Skip to main content

Deployment Guide

Deploy relocatable Slurm packages to HPC clusters. Packages can be built locally or downloaded from S3.

Quick Start

Option 1: Build Locally

# Build package for Ubuntu 24.04 (Noble)
slurm-factory build-slurm --slurm-version 25.11 --toolchain noble

# Build for Ubuntu 22.04 (Jammy)
slurm-factory build-slurm --slurm-version 25.11 --toolchain jammy

# Build for Rocky Linux 9
slurm-factory build-slurm --slurm-version 25.11 --toolchain rockylinux9

# Deploy
sudo tar -xzf ~/.slurm-factory/builds/slurm-25.11-noble-software.tar.gz -C /opt/
cd /opt && sudo ./data/slurm_assets/slurm_install.sh --full-init --cluster-name mycluster

# Load module
module load slurm/25.11-noble

Option 2: Download Pre-Built Package from S3

# Download from S3 (Ubuntu 24.04)
wget https://vantage-public-assets.s3.amazonaws.com/slurm-factory/25.11/noble/slurm-25.11-noble-software.tar.gz

# Deploy
sudo tar -xzf slurm-25.11-noble-software.tar.gz -C /opt/
cd /opt && sudo ./data/slurm_assets/slurm_install.sh --full-init --cluster-name mycluster

# Load module
module load slurm/25.11-noble

See Build Artifacts for all available packages.

Toolchain Compatibility

Use --toolchain to build packages for your target distribution:

ToolchainTarget OSGCC Versionglibc
resoluteUbuntu 25.0415.x2.41+
nobleUbuntu 24.0413.x2.39
jammyUbuntu 22.0411.x2.35
rockylinux10Rocky Linux 10 / RHEL 1014.x2.39+
rockylinux9Rocky Linux 9 / RHEL 911.x2.34
rockylinux8Rocky Linux 8 / RHEL 88.x2.28

Note: Each toolchain uses the OS-provided compiler for maximum binary compatibility.

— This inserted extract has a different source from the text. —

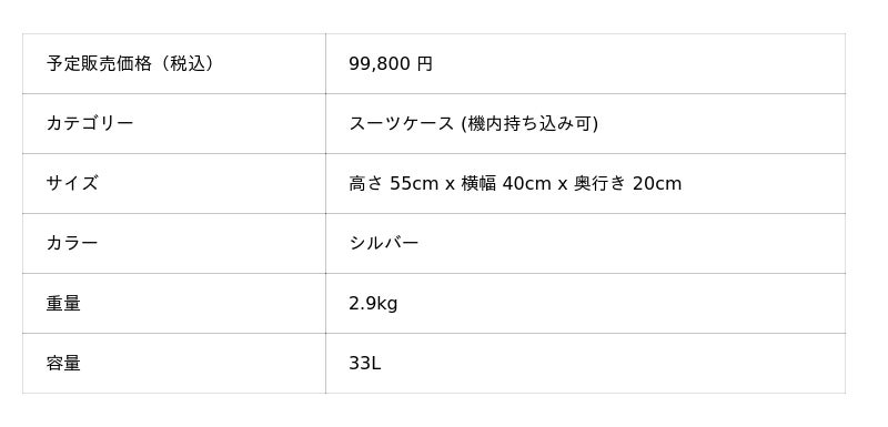 「Magne Suitcase」は、ボディ全面にマグネシウム合金を採用した世界初のスーツケースであり、重量わずか2.9kgという世界最軽量の金属スーツケースです。従来はトレードオフとされていた「軽さ」と「耐久性」を、高精度な素材加工技術と設計により両立。移動時の負担を軽減しながら、壊れにくく長く使える構造を実現しています。外装には上品なシルバーを採用し、ミニマルな佇まいと所有感を両立。内部は⽚開き仕様で、必要十分な収納性を保ちながら軽量化を図っています。キャスターには、柔軟性と耐久性に優れたエラストマー素材を採用。空港やホテルなど静かなフロアでも、ほとんど音を立てずにスムーズに動きます。

Installation Script Options

  • --full-init - Complete installation (users, dirs, configs, services)
  • --head-node-init - Install MySQL, InfluxDB, SSSD dependencies
  • --start-services - Start Slurm daemons
  • --cluster-name NAME - Set cluster name
  • --org-id ID - Organization ID for LDAP
  • --sssd-binder-password PW - SSSD password
  • --ldap-uri URI - LDAP server URI

Examples:

# Head node
sudo ./slurm_install.sh --head-node-init --full-init --start-services --cluster-name prod

# Compute node
sudo ./slurm_install.sh --full-init --start-services --cluster-name prod

# With LDAP
sudo ./slurm_install.sh --full-init --org-id myorg --ldap-uri ldap://ldap.example.com

Package Structure

Each tarball contains:

slurm-{version}-{toolchain}-software.tar.gz
├── data/slurm_assets/ # Configuration templates & install script
├── modules/slurm/ # Lmod modulefiles
│ └── {version}-{toolchain}.lua
└── view/ # Slurm installation
├── bin/ # srun, sbatch, squeue, sinfo
├── sbin/ # slurmd, slurmctld, slurmdbd
└── lib/ # Libraries & plugins

Relocatable Deployment

# Custom path deployment
export SLURM_INSTALL_PREFIX=/shared/apps/slurm
module load slurm/25.11-noble

# Verify
which srun
echo $SLURM_ROOT

Multi-Version Deployment

# Deploy multiple versions
sudo tar -xzf slurm-25.11-noble-software.tar.gz -C /opt/slurm-25.11/
sudo tar -xzf slurm-24.11-jammy-software.tar.gz -C /opt/slurm-24.11/

cd /opt/slurm-25.11 && sudo ./data/slurm_assets/slurm_install.sh
cd /opt/slurm-24.11 && sudo ./data/slurm_assets/slurm_install.sh

# Switch versions
module load slurm/25.11-noble # or slurm/24.11-jammy

Basic Configuration

# Create slurm.conf
sudo tee /etc/slurm/slurm.conf << 'EOF'
ClusterName=mycluster
ControlMachine=head01
SlurmUser=slurm
AuthType=auth/munge
StateSaveLocation=/var/spool/slurm/ctld

NodeName=node[01-04] CPUs=8 RealMemory=32000 State=UNKNOWN
PartitionName=compute Nodes=node[01-04] Default=YES State=UP
EOF

# Start services
sudo systemctl start slurmctld # head node
sudo systemctl start slurmd # compute nodes

Troubleshooting

Module not found:

module avail
echo $MODULEPATH

Library errors:

ldd $(which srun)
export LD_LIBRARY_PATH=/opt/slurm/view/lib:$LD_LIBRARY_PATH

Permission errors:

sudo chmod 755 /opt/slurm/view/bin/*
sudo chmod 755 /opt/slurm/view/sbin/*